Around 10 am, Mom called me and told me I’d better come; Dad was acting strange and was for the most part, unresponsive. He was barely communicating, and when he did, it was incomprehensible. I raced to grab my son from school, and we made a mad dash to the house, an hour away. Little did I know that this was to be the beginning of the end. We kept an eye on him for a couple hours, he was outside at that point and had fallen asleep in the chair. Something he did regularly was sit on the front porch watching passersby. When he awoke, I helped him back inside and tried to get him to have some lunch and something to drink. I was hoping maybe it was just his blood sugar, and that after he had something to eat he’d come around. That wasn’t the case, and by about 3:30 he was back in his hospital bed. He was quite fussy and couldn’t get comfortable. He was very unsteady so we tried to keep him in bed. Sometime that afternoon, we called Hospice to let them know the situation and they told us to get out the comfort pack and give him the Haldol and some of the morphine to help keep him comfortable and help to settle him. The Haldol made him very sleepy. He was started on a small dosage of the that every 4 hours, and .25 of morphine every 2 hours. The Haldol was to help decrease the fussiness and keep him calm. The morphine was for the pain and discomfort.
The Haldol lasted that first night, for about 3 hours at a stretch. I could tell when it would start to wear off, as he would start trying to pull himself to sitting on the bed, and trying to get up out of bed. He would get very restless. When we called, concerned, they assured us it was probably just a “bad spell” and to continue the Haldol and morphine as suggested. I stayed awake, caring for him through the night. Every 2 and 4 hours, I’d make sure he had his medication. Every 3 hours, I’d help him to lay back down, and help him to get his legs back up into the bed. This usually lasted a few minutes, and he’d be right back up trying to get out of bed. This would go on for about an hour, usually until I was able to get him his Haldol. Then within a few minutes, he would settle and go back to sleep. Unfortunately, because my Dad was a large man (we called him our gentle giant), the last time I would need to get him back into bed, I was so exhausted I would have to wake Mom up to help me. He had struggled so much trying to get out of bed, that he was so far down in the bed he couldn’t stretch out so we would need to help adjust his positioning in the bed so his head could reach the pillow. It took all that the two of us had to get him pulled up in bed. This usually entailed laying the bed flat, each of us grabbing him under the arms and lifting/sliding him to the top of the bed. After we’d get him situated and comfortable, he would dose off, and I would send Mom back to bed. I assured her that if we needed her, I would come get her.

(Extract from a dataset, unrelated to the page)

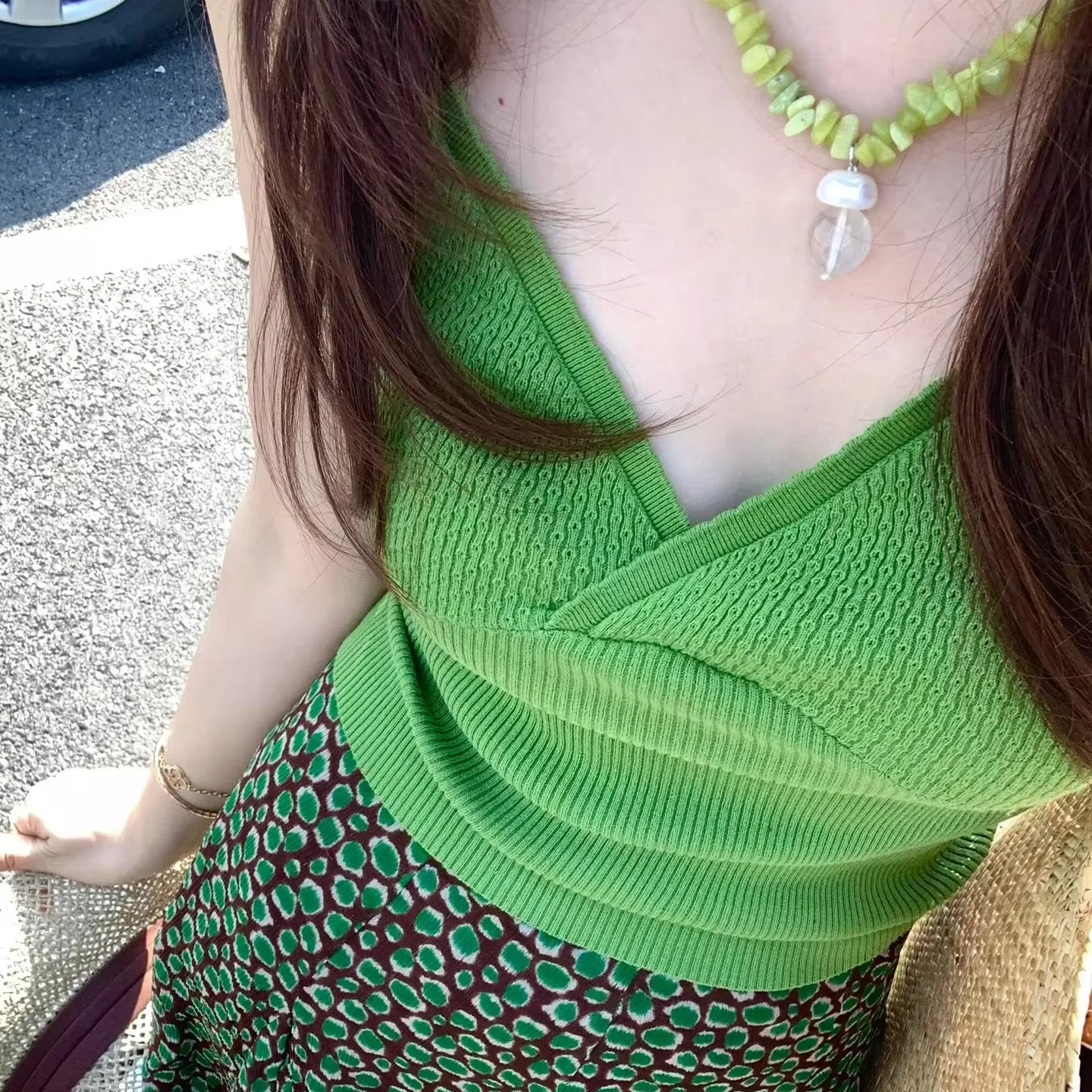 Top a maglia verde tinta unita con scollo a V, sexy e senza maniche, per donna, estivo, stile Y2K, streetwear, top da festa, casual, per attività all'aperto

Morning arrived on Tuesday, and Mom decided she’d best take the day off from work. Things hadn’t gotten any better for Dad through the night and Mom wanted to be sure that she was right there in case he needed her, or I needed to sleep.
Here is where things get a bit fuzzy, so please bear with me and forgive me. At this point, I was 36 hours with no sleep and beyond weary. The series of events at this point in time, may be a bit jumbled, but I will do my best to get it out, as I recall them.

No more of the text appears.